In many ways, it was an unusual level of complete access granted to me but also it was an eye opener. First, I discovered that one of my often used referees, a well known academic and later judge, was often lukewarm in his support of my applications – a much different attitude then conveyed in my other encounters with him. Second, my initial appointment as a law tutor in 1990 was far more problematic then I had realised. The appointment had often been sold in public by the Law School as a bold and novel experiment by the Law School to deliberately add a different dimension to the teaching of public law by incorporating a political science perspective.  In many ways, this official ‘endorsement’ of seeking an innovative approach to public law teaching guided my efforts over the next few years. However, I discovered the reality was much different and far from an endorsement. I had actually been the last candidate out of four applicants standing. Like the Olympic ice skater Steve Bradbury, I had emerged as the last contestant still in the race. Unlike Steve who knew his medal had been the result of fate, I spent several years operating with a false understanding. In retrospect, these two discoveries, the less than supportive referee and the real reason I had been given a job as a law tutor, explained in part, some of the difficulties I experienced in gaining a tenured appointment at the Law School. My academic career had begun on a far more tenuous thread than I ever imagined.
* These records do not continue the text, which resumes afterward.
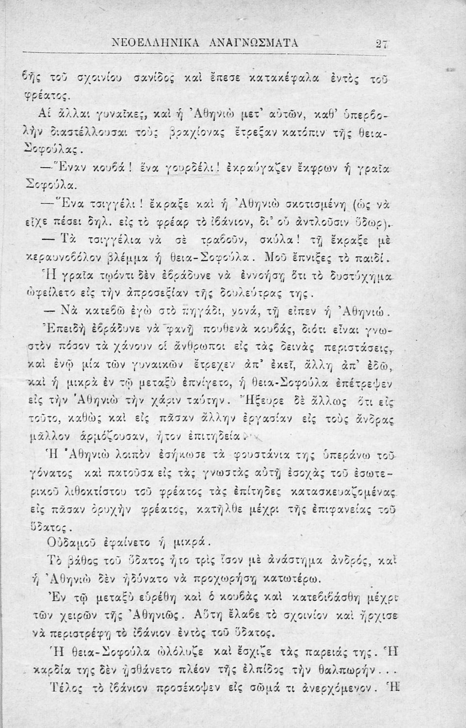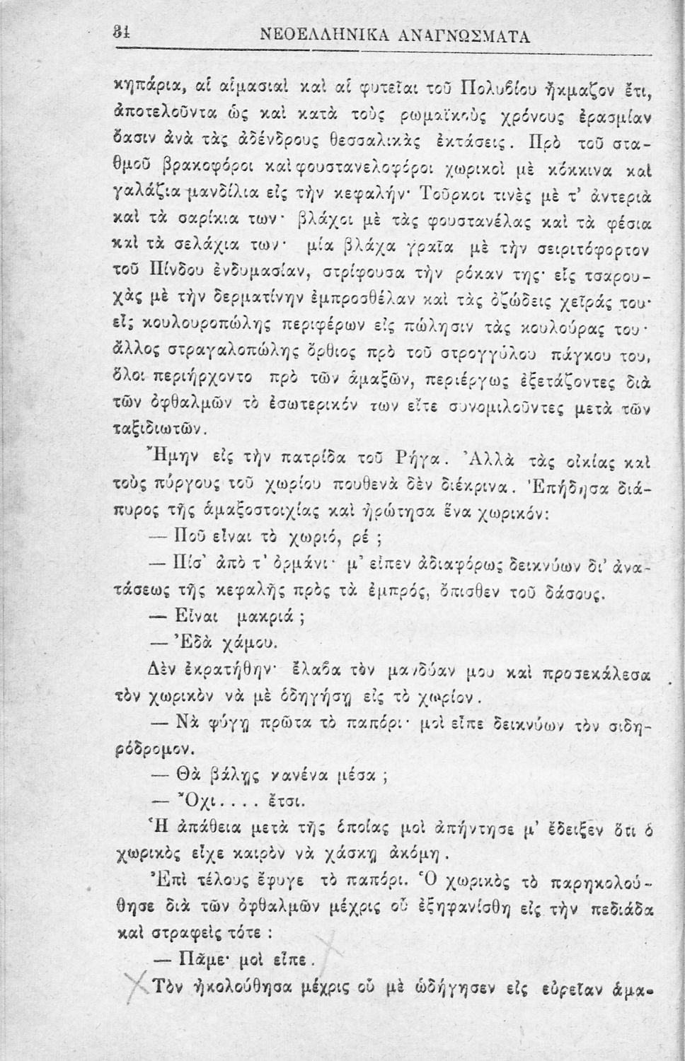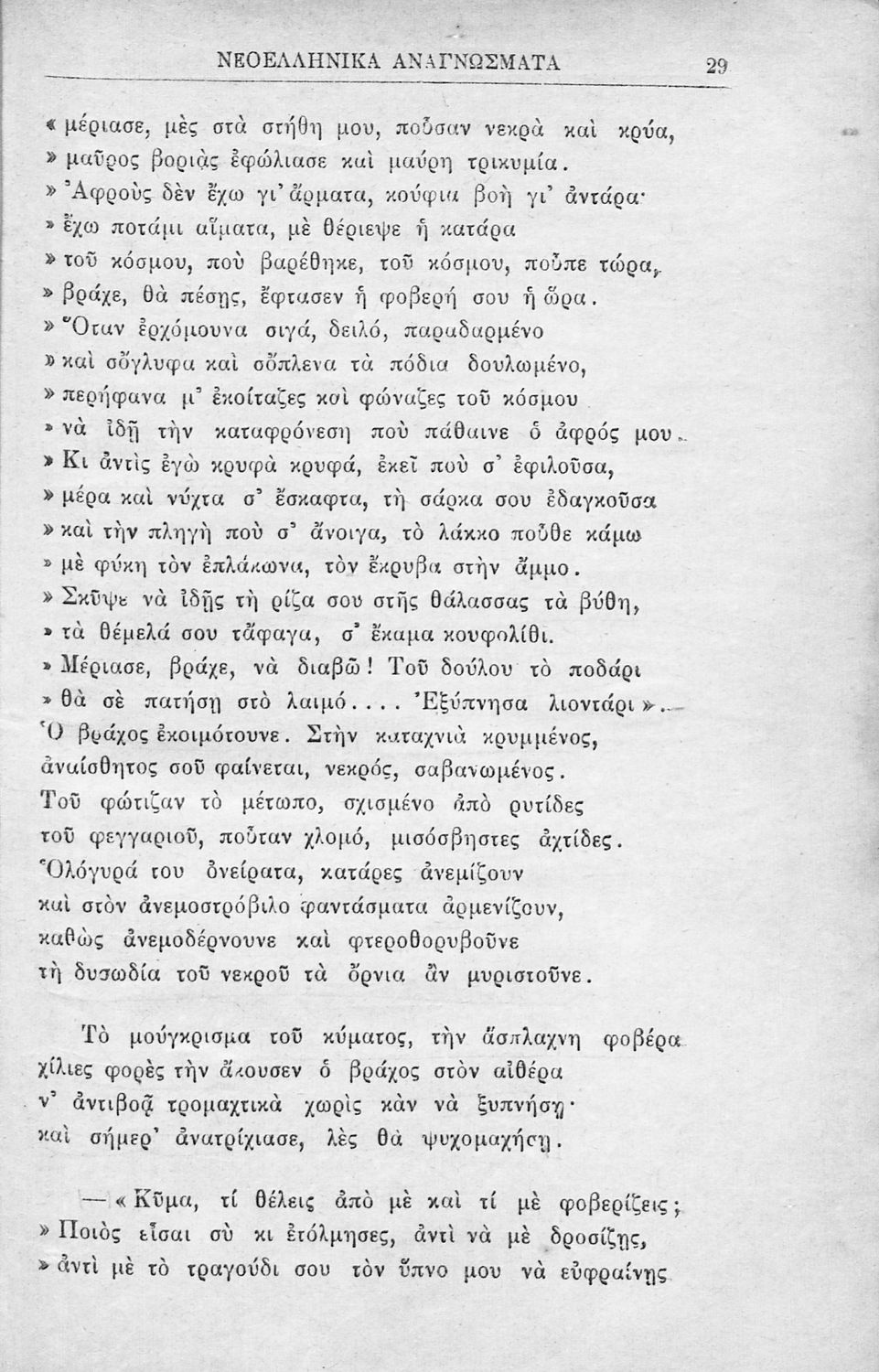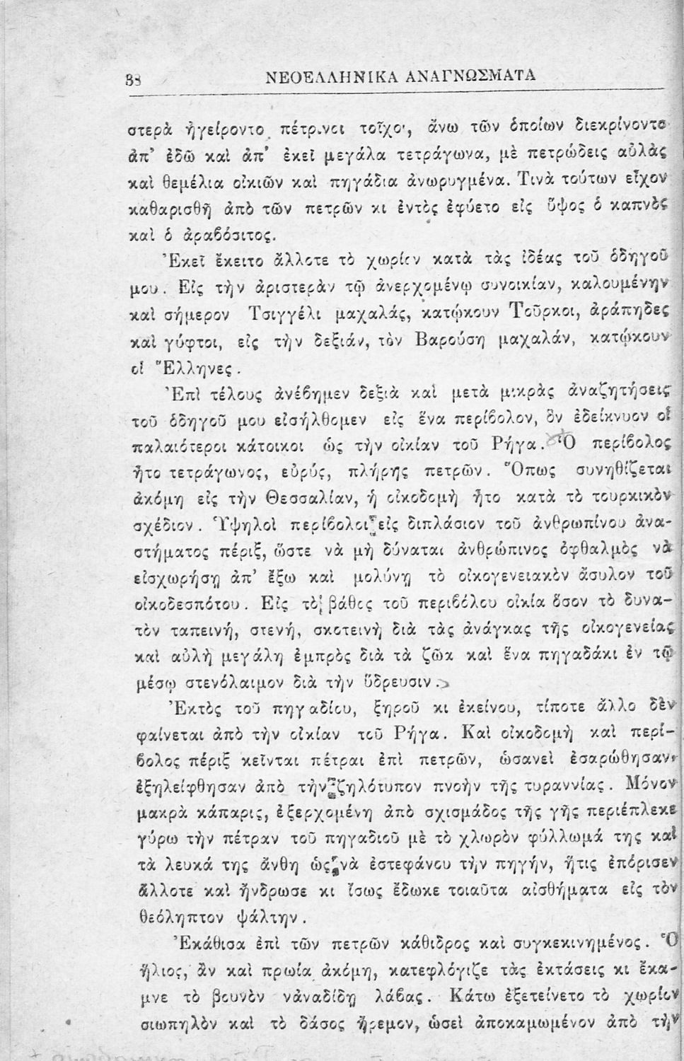 Σχολικό εγχειρίδιο Νέων Ελληνικών Γ' Ελληνικού Σχολείου και Α΄ Αστικού Σχολείου των Θηλέων που περιλαμβάνει ποιήματα και πεζά Ελλήνων συγγραφέων και δημοτικά τραγούδια εμπνευσμένα από την σύγχρονη ελληνική ιστορία, τη βυζαντινή ιστορία, την ελληνική φύση και τη ζωή στην ύπαιθρο, την οικογενειακή ζωή και τη θρησκευτική παράδοση. Περιέχει και παράρτημα με βιογραφίες των συγγραφέων και λεξιλόγιο.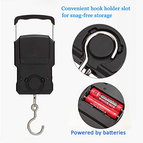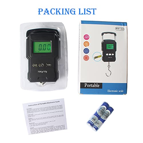 Brand: YAGSUWColor: BlackRecommended Uses For Product: Envelopes, Fish, Luggage, PackagesSpecial Feature: Auto Shut Off, Backlit DisplayDisplay Type: LCD【Widely Use】 The hanging fishing scale has a sturdy hook for an extremely accurate measurement of different types of suitcase bags . Ideal for weighing,travel luggage,shopping,post package,fishing and outdoor activities etc.【Built-In Measuring Tape】Once you know your item’s weight, conveniently find its size measurements as well. An included tape measure (39.37 inches) is stored inside the scale.【Accurate】High Precision Strain Gauge sensors system,capacity up to 165lb,precision accuracy of 0.1lb;Handheld travel baggage scale with accurate digital and easy to read LCD display,Convert units between lb/oz/kg/jin.【Easy to use】Due to sleek and ergonomic design it fits comfortably in your hand. Grasp the handle to weigh, try your best to keep the scale horizontally, the electronic digital scale will automatically lock the reading when data is stable.✔Portable luggage scale powered by 2 pcs AAA battery(in included) .Auto shutoff auto-lock display saves battery lift with tare lower battery overload indication.Please contact us if you have any problem. faultless for everyday use. superior materials and excellent craftsmanship ensure long-lasting durability.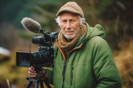 Portrait of senior man with video camera on tripod in autumn forest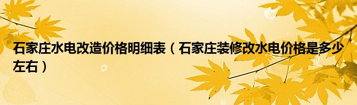 石家庄水电改造价格明细表(石家庄装修改水电价格是多少左右)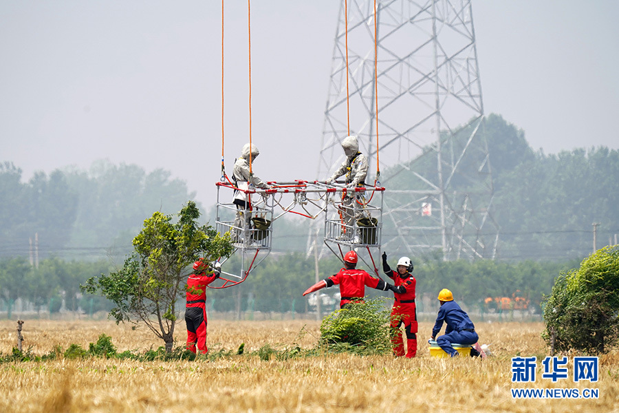 6月18日,直升機(jī)準(zhǔn)備用吊籃把兩名檢修人員“吊”到有缺陷的特高壓線路上。 新華社記者范世輝 攝(資料圖)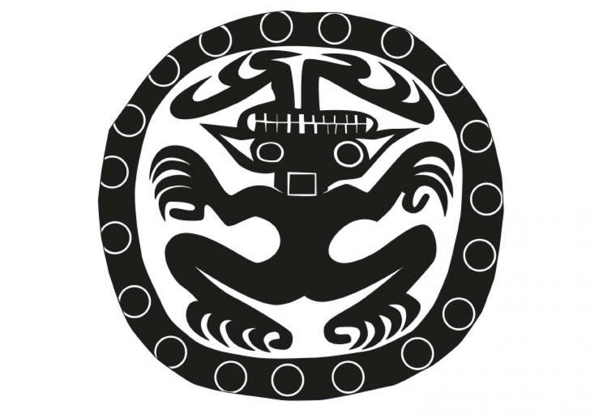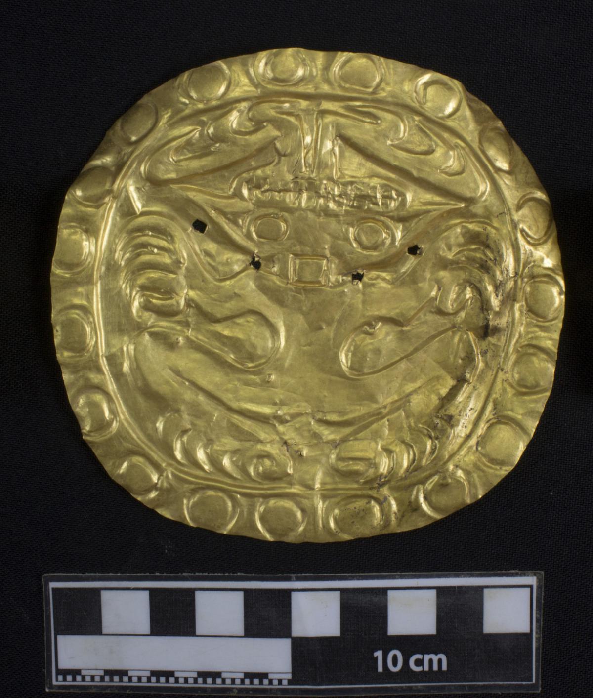 Commentary:  Circular hammered gold pectoral with the embossed image of a supernatural hybrid being of bird and reptile. Diameter:10.4 cm. Conte style.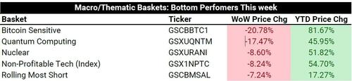 Los sectores de alto crecimiento finalmente han cedido. El sector tecnológico no rentable ha caído entre un 15 % y un 20 % en lo que va del mes, los sectores especulativos (drones, tecnología cuántica y sector espacial) han bajado entre un 25 % y un 30 %, y las criptomonedas continúan su propio descenso. El índice GSPUMENP (MegaCap Tech vs Non-Profitable Tech) registró su mejor semana desde febrero, lo que nos recuerda que la esperanza es menor que la realidad cuando las posiciones se ajustan.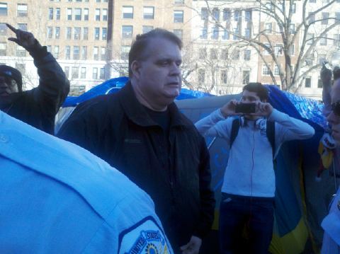 While relations between police and protesters have been mostly smooth today, Shaw said there’s been an uptick in the number of counter-protesters who have dropped in to express their dissatisfaction with Occupy’s continued presence. The tent-cutter, in addition to laying claim to the city, also made angry remarks about paying taxes and having equal access to public space, Shaw said. On her Twitter account, Shaw has advised her fellow protesters to react calmly. Some are breaking out into song to diffuse any moments of tension, choosing, among other numbers, selections from the musical South Pacific.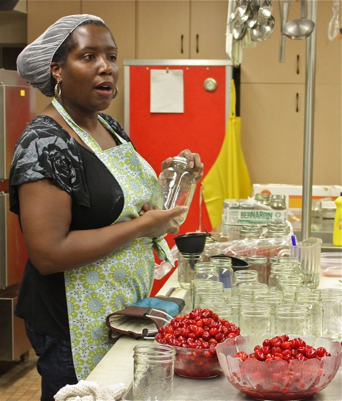 Johwanna had groups go into the kitchen to preserve their cherries in a simple syrup for a multitude of future uses. Her individual focus and instruction with each small group made the learning experience more personal.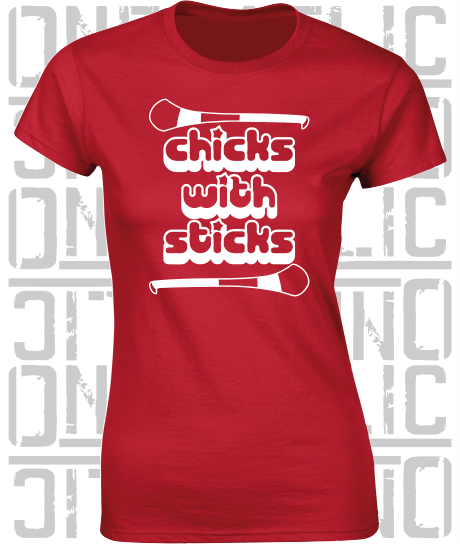 Cork Chicks With Sticks Camogie T-Shirt in Ladies Skinny-Fit Sizes.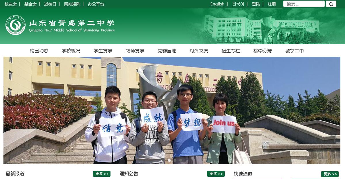 | 网站简介: 山东省青岛第二中学,坐落于青岛市崂山区松岭路70号,背依崂山,南临黄海,总建筑面积6万多平方米,单体建筑17个。学校创建于1925年,原名为“胶澳商埠公立女子中学”,1950年秋改名为“山东省青岛第二中学”。截至2013年,历年的入学录取成绩、高考成绩、竞赛成绩都保持青岛市第一,被公认为青岛最好的高中。学校在教学成绩、师资力量、学校硬件等方面在山东省都位居前列。山东省青岛第二中学先后被评为山东省重点中学,山东省规范化中学,省级文明单位,全国健康绿色学校先进学校,2014年成为中国大学先修课程项目首批64所试点学校之一。知名校友有王涛、修瑞娟、孙明漳等。 |

I consistently justified and defended my attempts at creating a different type of teaching and learning environment on the basis that the Law School had deliberately hired someone who was ‘different’ than the typical or traditional law academic. Indeed, I was different:  I had a less than stellar undergraduate record as a law student; my primary focus was political science; and my employment experience had not been as a lawyer but as a public servant. The truth is, I might have stumbled at the first hurdle, or simply given up, if I had realised that I had only been given my opportunity to teach because the Law School was desperate and because I ‘waited’ for several weeks after the interview, to ask how my application was progressing.

Despite these rocky beginnings, I ended up with a great career and the Law School and University continue to reap, in terms of international reputation and positive impact on student learning, an unexpected windfall that has lasted a couple of decades rather than the intended temporary desperate stop gap measure.